Memorial in Middlebury, Vermont

Middlebury to Her Soldiers is a public artwork by American artists Marshall Jones and Seward Jones, located on the triangle between Merchant's Row and South Pleasant Street in Middlebury, VT, United States of America. It was fabricated by the Jones Brothers Company of Barre, VT. The granite sculpture consists of a figure in a Civil War uniform holding a flag in his proper right arm standing atop a multi-layered granite pedestal. Figures depicting an artilleryman, a cavalryman, a marine, and an infantryman stand at the four corners of the pedestal's central section.

==Description==
On the west side, the base is inscribed "Middlebury to Her Soldiers". On the east side, the base is inscribed "Donated by S.A. Ilsley Erected 1905". Neither the sculptures nor the base are signed by the artists.

The sculpture is made of a light, fine grained medium Barre granite from the Jones Brothers company's quarry. It measures approximately 32 feet 1 inch high, with the base measuring approximately 2 feet 8 inches x 17 feet 6 inches x 17 feet 6 inches.

The sculpture has also been referred to as the Soldier's Monument, the Civil War Monument, the Ilsley Monument, and the Spanish American Monument.
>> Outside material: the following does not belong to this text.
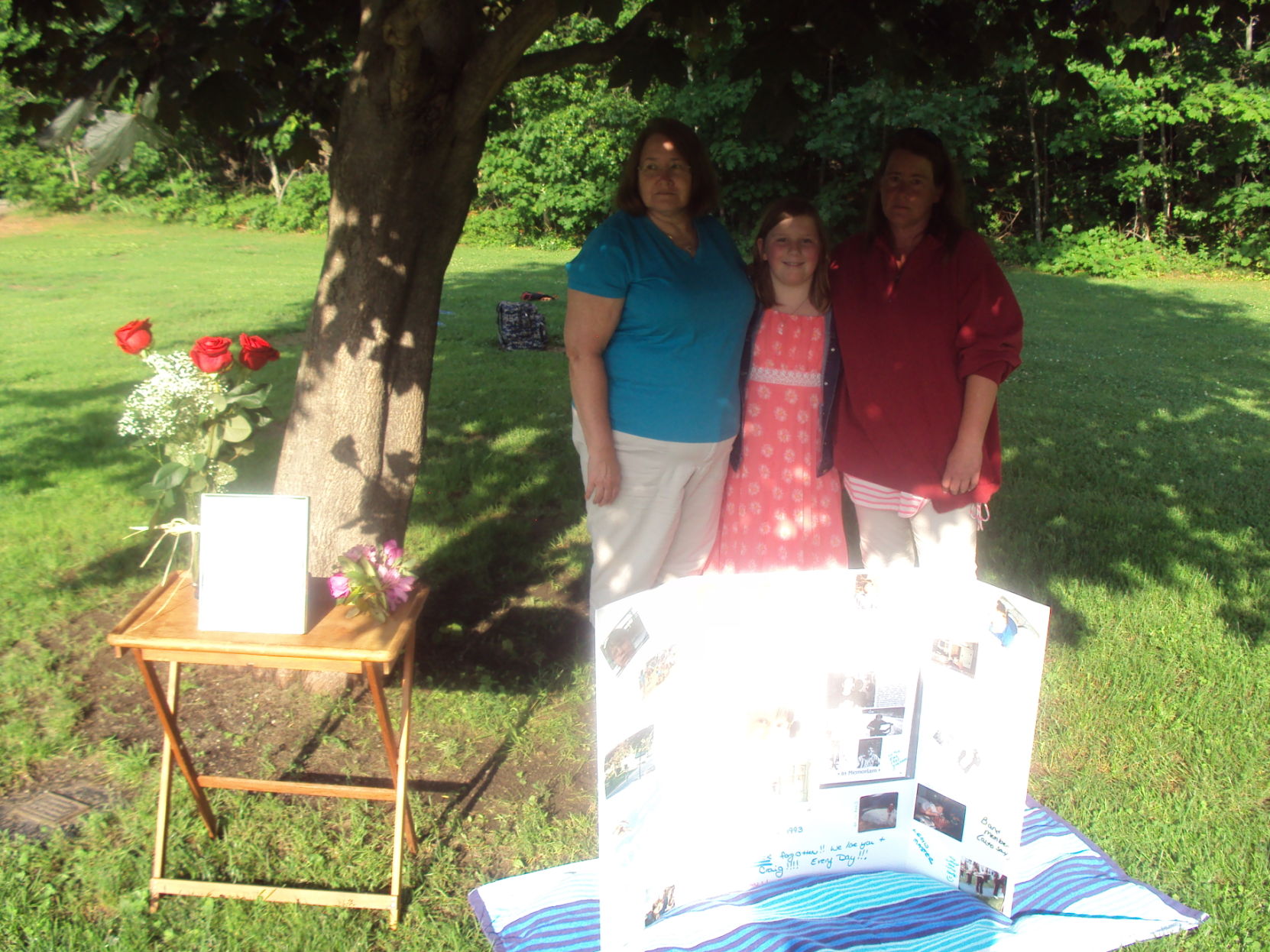 Twenty-five years after Craig Richard was killed while riding a bicycle at the age of 15, family and friends gathered on June 22 to put flowers and a collage near the maple tree planted in his memory at Freeport High School.

==Historical information==
The sculpture sits over a fire protection cistern which had been made obsolete after a water system had been installed in the village in 1902.

===Acquisition===
The sculpture was commissioned by Silas A. Ilsley (13 March 1840 – 9 January 1918) on 18 November 1904. Ilsley had served in the New York infantry during the Civil War and moved to Middlebury in 1901 following his retirement from the tinware business in Brooklyn, NY. He donated the monument to the town of Middlebury and the sculpture was dedicated 30 May 1905. The celebration of the dedication was reportedly attended by 7,000 people and included speeches, a parade, and fireworks.

==Artist==
Marshall Jones and Seward Jones designed the sculpture which was fabricated by the Jones Brothers Company, founded in Boston, MA in 1882 and began operations in Barre, VT in 1886. The company's granite shed, now the home of the Vermont Granite Museum, is considered significant by the Vermont Division for Historic Preservation and was named one of "America's Treasures" by the United States Department of the Interior.

==Condition==
This sculpture was documented as needing conservation treatment in 1992 as part of Save Outdoor Sculpture!, a campaign organized by Heritage Preservation: The National Institute of Conservation in partnership with the Smithsonian Institution, specifically the Smithsonian American Art Museum. Throughout the 1990s, over 7,000 volunteers cataloged and assessed the condition of over 30,000 publicly accessible statues, monuments, and sculptures installed as outdoor public art across the United States. In Vermont, the survey was sponsored by the Vermont Museum and Gallery Alliance from 1992 to 1993 where 110 volunteers surveyed 242 sculptures dating from 1740 to 1993. The archives from the project are maintained by the Vermont Historical Society.